At the Summer SCBWI conference, I attended Sara Shepard’s workshop on Issues Writing Girls. One of the most interesting points she raised had to deal with dating your books. And not in the going out for coffee sense. But rather by making too many allusions to brands like Abercrombie or J. Crew or Iphone.
This was one of those lesson she learned from writing Pretty Little Liars. The first book has lots of brands and labels that help establish who the characters are.
She said it’s very tempting to drop a modern reference, but that what is hot in 2012 may not be in 2013, 2014, 0r 2015 when the book is published. She suggested finding other ways to define characters without using those references.
She also cautioned against the use of slang like “frenemy” and using music to define a character. Both define, but date quickly.
Ruta Sepetys’s Keynote address was my favorite key note of the entire conference. She is a fantastic speaker. Every word/sentence she spoke built on her central premise. She moved me to tears with her honesty.
Her talk “You Can’t Break the Broken: Writing Emotional Truth” is why I go to conferences.
Her debut novel, Shades of Gray, is the story of a Lithuanian girl sent to Siberia during Stalin’s regime in Lithuania. The novel explores what it takes to bear the unbearable.
It’s next on my to read list.
Ruta grew up in America, knowing her father and his parents fled Lithuania under Stalin because Stalin forced everyone he deemed “anti-soviets” in Lithuania (including all writers, teachers, librarians, landowners, musicians, military) to go to Siberia.
Her dad grew up in a refugee camp before they came to the U.S. That was all she really knew of her story.
Until she went back to Lithuania and found out that 12 of her relatives were taken in place of her father’s family. 11 of them died in Siberia.

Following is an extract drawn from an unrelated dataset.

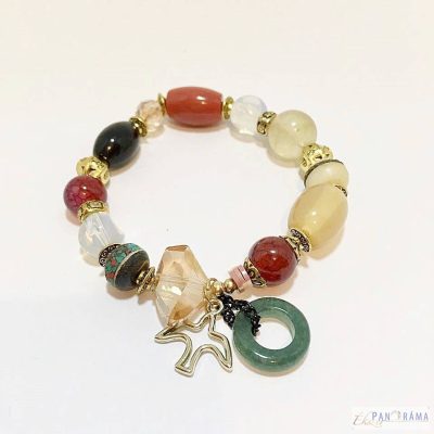 Trendi, mutatós karkötő, többféle ásványból. Átmérője 70 mm

She decided to tell the emotional truth of what happened to the people of Lithuania under Stalin. She fictionalized it so she could speak for the people who never spoke of what happened to them.
When she decided to write the truth, she had to decide how much she was willing to pay and give of herself–her emotional self. She explained that you have to be willing to turn yourself inside out and expose your deepest deepest feelings.

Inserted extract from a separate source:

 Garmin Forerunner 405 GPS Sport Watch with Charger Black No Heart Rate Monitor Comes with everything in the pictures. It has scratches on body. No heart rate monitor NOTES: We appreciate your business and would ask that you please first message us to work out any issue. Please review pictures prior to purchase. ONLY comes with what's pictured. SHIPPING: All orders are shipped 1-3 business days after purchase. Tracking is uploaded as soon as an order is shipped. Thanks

She encouraged us to “write the novel only you can write.” She reminded us that for the things we feel “there is a reader out there who feels it too.”

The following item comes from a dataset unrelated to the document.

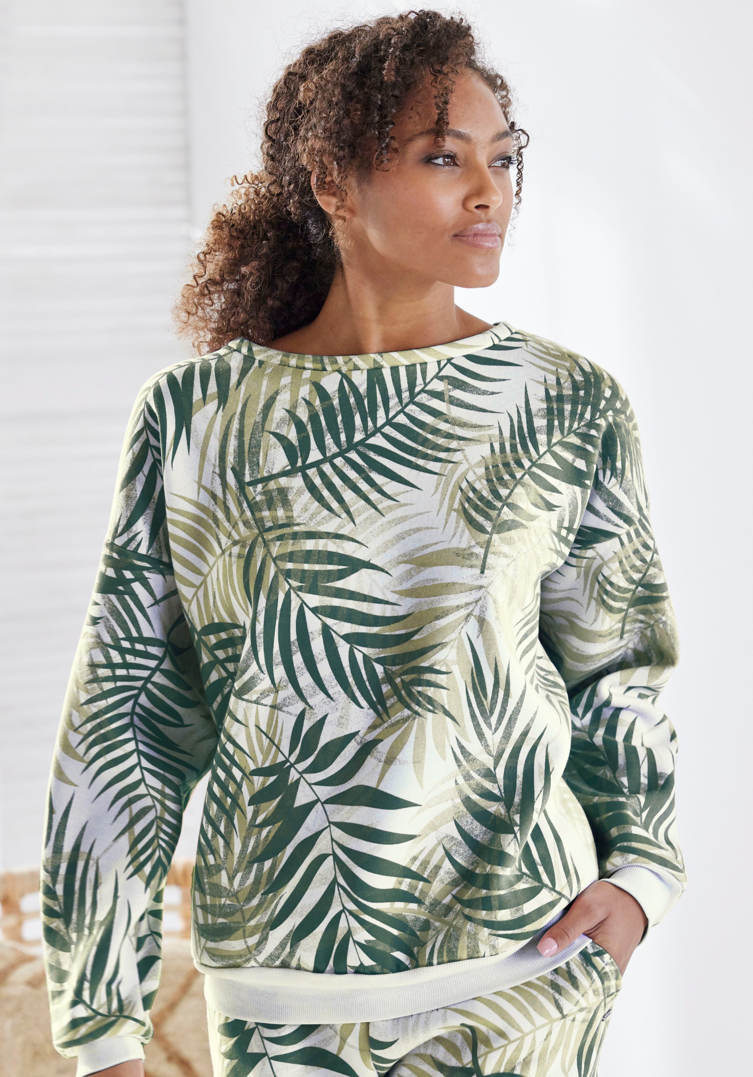 Lascana Sweater Loungeshirt Loungetop met allover-bladerenprint, loungewear (1-delig)

Karen Cushman spoke to us about the importance of courting surprises in our writing. One of her best tips is “Don’t fear surprise, welcome it.” Sometimes we have no idea why something comes unbidden. But it’s okay to stray from our outline. She advised that we “ask the questions we don’t know the answers to.”
What I appreciated about her talk was that she made a point of saying that we “are not channeling someone” nor is there “a muse at work.” We as writers do it unwittingly. Sometimes we leave clues in our own writing about what will happen. We just have to look for them. We prepare ourselves for the surprises.
Jay Asher is one of my favorite workshop teachers at the entire conference. He conveyed so much useful knowledge while constantly engaging the audience. If you get the chance to hear him speak, GO!
He really made us think about how to inject suspense into any type of book. One of the key takeaways was the importance of ANTICIPATION. The reader is waiting for something to happen, something that is supposed to happen, and eventually it has to happen to satisfy the reader.
He mentioned how with Twilight the back cover created anticipation about the vampire discovery. The first 10 pages of the book are all about the weather and setting, but it makes it the perfect place for a vampire, which the reader know to anticipate because of the back cover.
In terms of how to inject suspense at the end of a chapter, he advised that writers can: cut the action early, hint at the story to come, or have multiple narrators so the chapter end is a bit of a story cliffhanger.
My favorite quote? “It’s our fault, but their problem when a reader is up all night reading our book.”